Ecclesiastes 9:16 (NASB)
O) This was a conclusion after retelling a parable about a wise man who (might have) delivered a besieged city. Apparently, the translation of v.15 is ambiguous. Whether the city was overcome, which was evidence that they didn't heed his words, or the city was delivered and he was forgotten, and the forgetting of him was the evidence that they didn't heed his words, one way or the other, the writer makes a very good point. Often, the person who gives wisdom is judged before the words are ever spoken, and so the wisdom (or strength or deliverance) those words might hold, is never actually heard.
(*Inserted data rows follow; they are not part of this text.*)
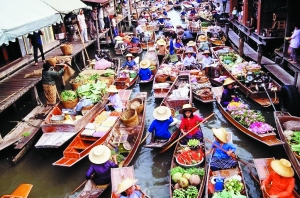 曼谷在異域水城嘆“水上果市”
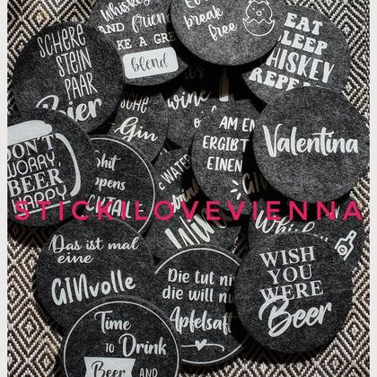 Die dunkelgrauen Untersetzer sind 10 cm im Durchmesser, ca 5 mm dick und wurden mit weißer Flexfolie von mir persönlich designt und beplottet.
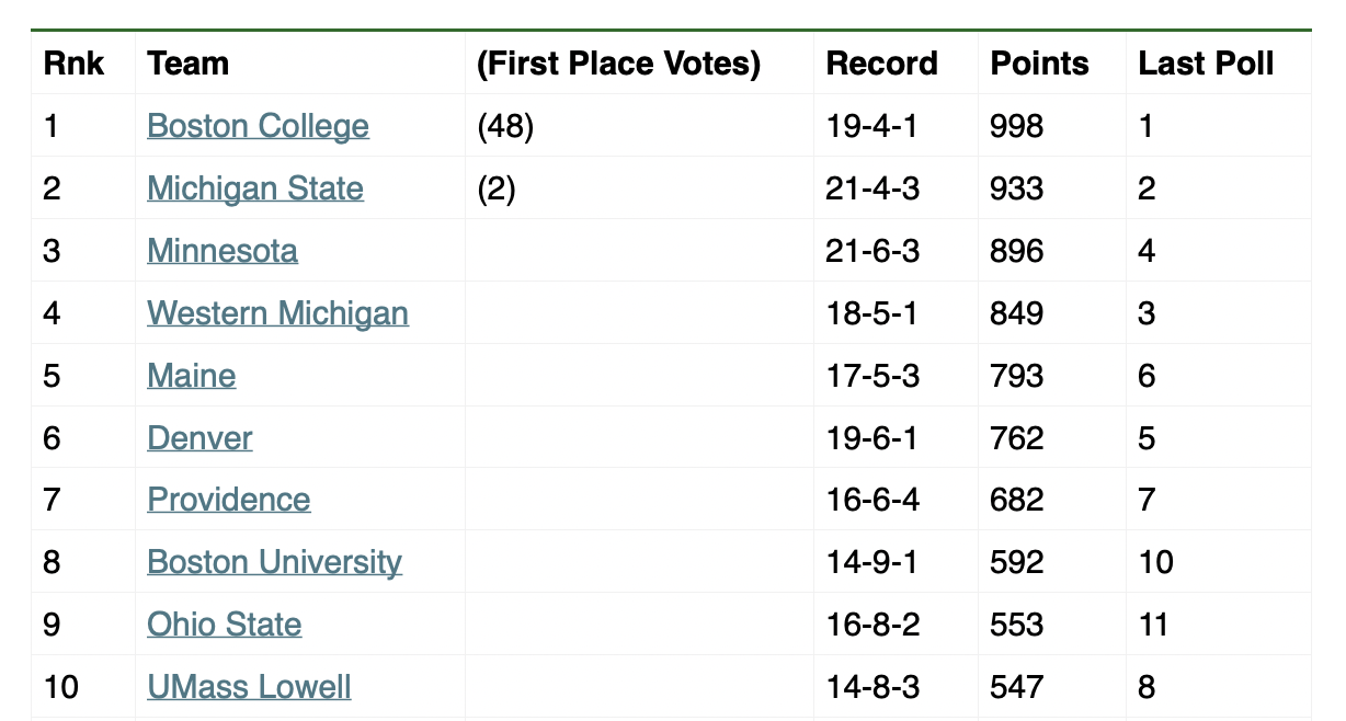 - This week’s national poll reflects the strength of Hockey East this year and why PC is struggling to win games at this point in the season. Five of the top ten teams are from Hockey East.

A) My first thought betrayed my own fault about this verse. Initially, I thought this could really be used to support the pursuit of formal education. However, I know that I have an insecurity sometimes, about my lack of a college education. In reality, God is not bound by my worldly credentials. At the root of my concerns, should be the glory of God. If I want to help people, if I want to counsel a husband about his marriage, and I want to do it so that God is glorified, then God can prepare that man to hear my words, and God can give me wisdom to speak. This is not to say I should neglect education, but I also can't be silent or sorry about it. More to the point, I need to see this verse as a warning. Too often, I have caught myself judging a person's point of view based on factors beyond the words they are actually saying. A divorced man can speak wisely about marriage; I have heard it. A bankrupt man can speak wisely about finances; I have heard it. Over the years, God has helped me with this prejudice, to hear people with more compassion and less bias. Sometimes there is still a human, sinful, tempting attitude to dismiss a person's opinion before they give it, but this verse reminds me not to do that. Real wisdom comes from God, and He uses the weak to confound the strong, and the simple to confound the wise.
P) Father, thank You for the continuing work of grace in me. Thank You for the process of sanctification, and how You work holiness into me, and lead me in righteousness for Your name's sake. I look back and I'm so thankful that who I was is not who I am. And I look at myself now, and see so many shortcomings, but I have hope that You are not finished with me, yet. Please continue to soften my heart, to make me more teachable and humble. I want to hear a man's opinion, fully and completely, before I attempt to weigh it or discern the merit of it. I know my own shortcomings, my own lack, but I still know that You have given me insights and wisdom about some things. I know what it means to be dismissed because of preconceived notions about qualified opinions. I don't ever want to be that kind of discourager, Lord. Not to mention, I never want to miss wisdom You may be trying to teach me, because it is coming by an unconventional or unlikely source. Teach me to listen, Father God. I want to glorify You in the way I hear people. In Jesus's name I pray. Amen.